ENG Target Infomation Overview
- Target Symbol: ENG, endoglin
- Gene Groups: CD molecules
- Alias: END; HHT1; CD105
- Previous Names: ORW1; ORW
- Alias Names: Osler-Rendu-Weber syndrome 1
ENG, endoglin Target Infomation by Species
- Human
- Mouse
- Rat
Human ENG Target Information
- Target Symbol: ENG, endoglin
- Alias:
- CD105
- CD105 antigen
- END
- FLJ41744
- HHT1
- ORW
- ORW1
- NCBI_Gene: 2022
- UniProtKB: P17813
Human ENG Predicted Functions
Enables several functions, including galactose binding activity; protein homodimerization activity; and transforming growth factor beta receptor binding activity. Contributes to BMP binding activity and transforming growth factor beta binding activity. Involved in several processes, including central nervous system vasculogenesis; regulation of transcription by RNA polymerase II; and regulation of transmembrane receptor protein serine/threonine kinase signaling pathway. Located in external side of plasma membrane; extracellular space; and nuclear body. Part of receptor complex. Implicated in arteriovenous malformation; arteriovenous malformations of the brain; breast cancer; hereditary hemorrhagic telangiectasia; and intracranial aneurysm. Biomarker of several diseases, including artery disease (multiple); clear cell renal cell carcinoma; diabetic retinopathy; hematologic cancer (multiple); and secondary hyperparathyroidism.

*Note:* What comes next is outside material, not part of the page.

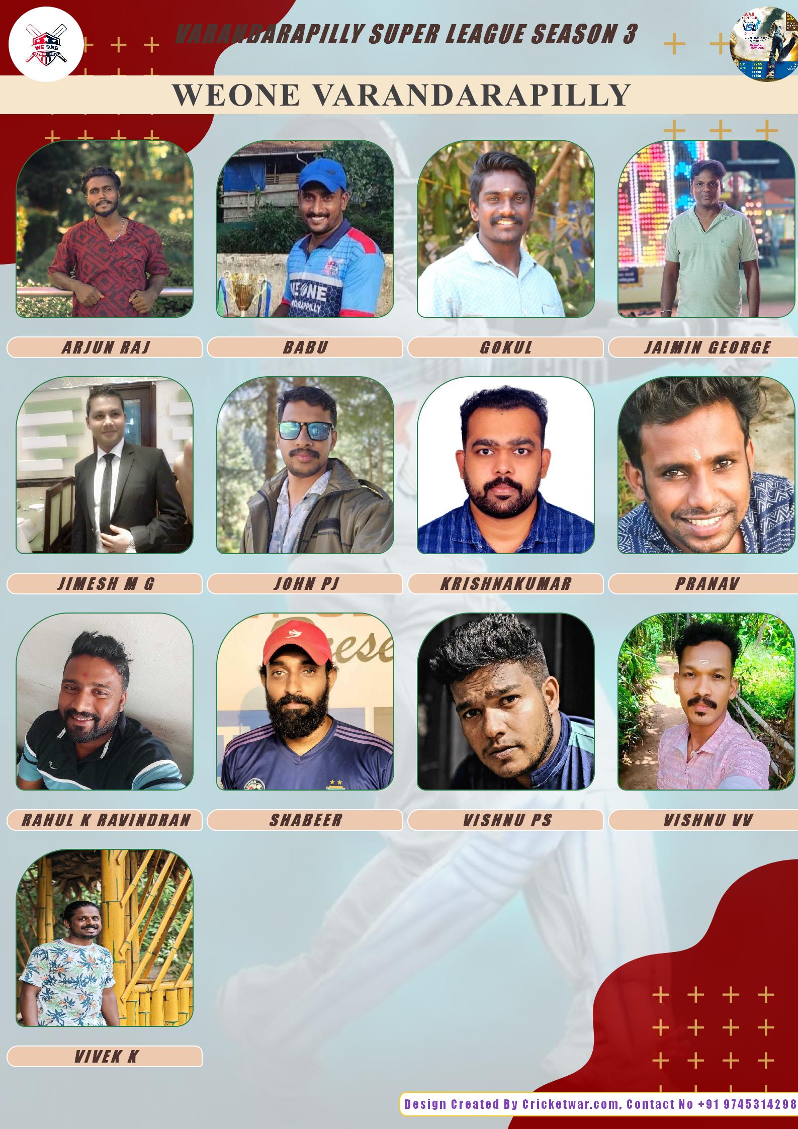 ALLROUNDER, AGE : 36 VARANDARAPPILLY Bid Amount : 3600 Team : WEONE VARANDARAPILLY Download ID Card VIEW PROFILE |

Mouse Eng Target Information
- Target Symbol: Eng, endoglin
- Alias:
- AI528660
- AI662476
- CD105
- Endo
- expressed sequence AI528660
- expressed sequence AI662476
- NCBI_Gene: 13805
Mouse Eng Predicted Functions
Enables protein homodimerization activity and transforming growth factor beta binding activity. Involved in several processes, including circulatory system development; positive regulation of cell differentiation; and regulation of gene expression. Acts upstream of or within circulatory system development and positive regulation of angiogenesis. Located in endothelial microparticle. Is expressed in several structures, including brain; cardiovascular system; extraembryonic vascular system; and lung. Used to study arteriovenous malformations of the brain and hereditary hemorrhagic telangiectasia. Human ortholog(s) of this gene implicated in arteriovenous malformation; arteriovenous malformations of the brain; breast cancer; hereditary hemorrhagic telangiectasia; and intracranial aneurysm. Orthologous to human ENG (endoglin).

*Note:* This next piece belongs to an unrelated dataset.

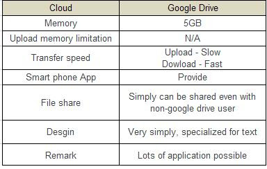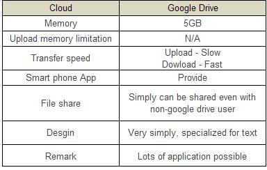 Google Drive is a kind of Cloud server such as Dropbox and box.net and the detail is posted as below table. It provides you with 5GB memory with no charge.

Rat Eng Target Information
- Target Symbol: Eng, endoglin
- Alias:
- MGC124909
- NCBI_Gene: 497010
Rat Eng Predicted Functions
Enables type II transforming growth factor beta receptor binding activity. Involved in several processes, including cellular response to mechanical stimulus; positive regulation of collagen biosynthetic process; and positive regulation of macromolecule metabolic process. Located in cell surface and extracellular space. Used to study congestive heart failure; pre-eclampsia; and renal fibrosis. Biomarker of cholestasis; congestive heart failure; hepatocellular carcinoma; hypertension (multiple); and renal fibrosis. Human ortholog(s) of this gene implicated in arteriovenous malformation; arteriovenous malformations of the brain; breast cancer; hereditary hemorrhagic telangiectasia; and intracranial aneurysm. Orthologous to human ENG (endoglin).